"The Republicans are right, this is a cap-and-tax bill," said former Sen. Timothy Wirth, criticizing the Waxman-Markey climate change bill in an interview with Bloomberg News last month. "That's what it is because they are raising revenue to do all sorts of things, especially to take care of the coal industry, and it makes no sense."
Although all the focus has been on the difficulties facing health care reform, the Obama administration-supported Waxman-Markey bill may be in even deeper trouble. Republicans have consistently blasted it as a national energy tax, but it is divisions among Democrats that may doom the legislation in the Senate.
Wirth, for example, is no right-wing Republican. He served six terms as a Democrat in the House and one in the Senate, holding the Colorado seat once occupied by Gary Hart. As undersecretary for global affairs in the State Department, he was one of the Clinton administration's leading climate change negotiators. Wirth currently runs the UN Foundation, a philanthropic group funded with seed money from liberal media mogul Ted Turner.
Fully 44 House Democrats voted against Waxman-Markey when it narrowly passed the House in June, including Rep. John Salazar (D-Colo.), the brother of Interior Secretary Ken Salazar.

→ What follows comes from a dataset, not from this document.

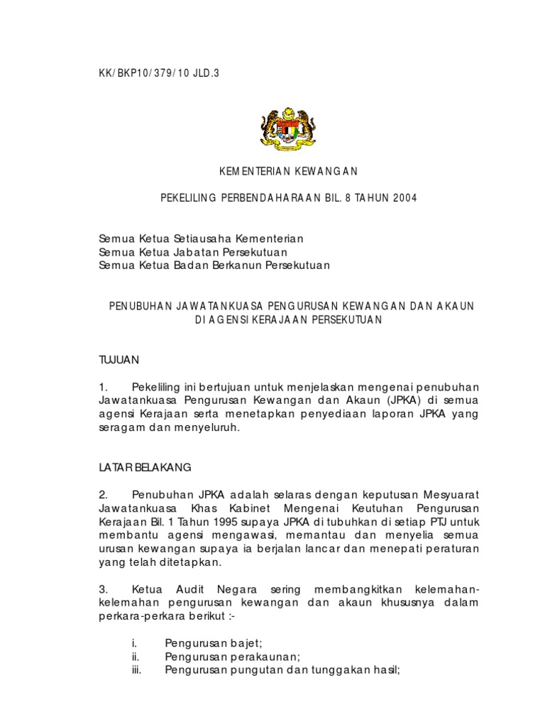 Pekeliling Perbendaharaan Bil 8 2004 Jawatankuasa Pen Gurus An Kewangan Amp Akaun

Many of these legislators hailed from relatively conservative districts. According to an analysis by National Journal's Ronald Brownstein, 59 percent of Democrats representing districts carried by John McCain in the 2008 presidential election defied both President Obama and House Speaker Nancy Pelosi by voting no.
That explains some of the Democratic opposition in the Senate, where about 15 Democrats are not doing Harry Reid's bidding. Last month, several Democrats called for a narrower bill that junks cap and trade entirely while focusing on renewable energy instead. "The problem of doing both of them together is that it becomes too big of a lift," Sen. Blanche Lincoln (D-Ark.) told reporters in August. "I see the cap-and-trade being a real problem."
But some Democrats are balking for reasons other than fear of alienating conservative voters by supporting a broad-based energy tax increase. Sen. Russ Feingold (D-Wis.) is considered one of the most progressive members of Congress's upper chamber. He doesn't sound too impressed by Waxman-Markey.
Speaking to a "listening session" in Wisconsin, Feingold cited cap and trade as one of the reasons he "is the Democrat who has least voted with President Obama." A local newspaper quoted him saying of cap and trade, "You know, the other countries won't play ball... They cannot be given a free pass, and we cannot do cap-and-trade alone."
These sentiments were echoed by the energy policy director of the Ralph Nader-affiliated advocacy group Public Citizen. "We don't want to go forward with strong carbon regulations here and see China and India have no regulations," Tyson Slocum told a Wyoming newspaper.
Democrats like Wirth would like to see a bill focused entirely on coal-fired power plants rather than a general cap on carbon pollution. "I'm not critical of cap-and-trade," he told Bloomberg News. "But it has to be used in a targeted and disciplined way, and what has happened is it's getting out of control."
Yet that compromise wouldn't win the vote of Sen. Jay Rockefeller (D-W. Va.), who is already on record arguing that cap and trade could hurt his coalmining state. He has pressed for "short-term economic assistance" for the coal industry and, like Feingold, tariffs on goods from countries that don't similarly limit carbon emissions.
Other liberal outfits, like the Center for Biological Diversity, want the bill beefed up in the Senate rather than watered down. But even they have signed on to letters requesting a more transparent process for determining the value of carbon credits.
All of these Democratic divisions come on the heels of polling that shows more intensity among opponents of Waxman-Markey than supporters. While Rasmussen Reports found only 35 percent could correctly identify the cap and trade scheme, the plan is vulnerable to charges -- which even supporters concede in the short term -- that it will raise energy costs for ordinary Americans.
Billionaire investor Warren Buffett, an Obama ally, agrees. "Anything you put in that effectively taxes carbon emissions is -- somebody's going to bear the brunt of it," Buffett said in a March interview with CNBC. He went on to say "that tax is probably going to be pretty regressive." Regressive taxes tend not to sell well, even among core Democratic constituencies.
Like the health care debate, this discussion has tended to be covered as a Republican versus Democrat conflict. But the reality is the Democrats have the votes in Congress to pass almost whatever they want with little or no Republican support. The real story is a conflict that pits Democrat against Democrat.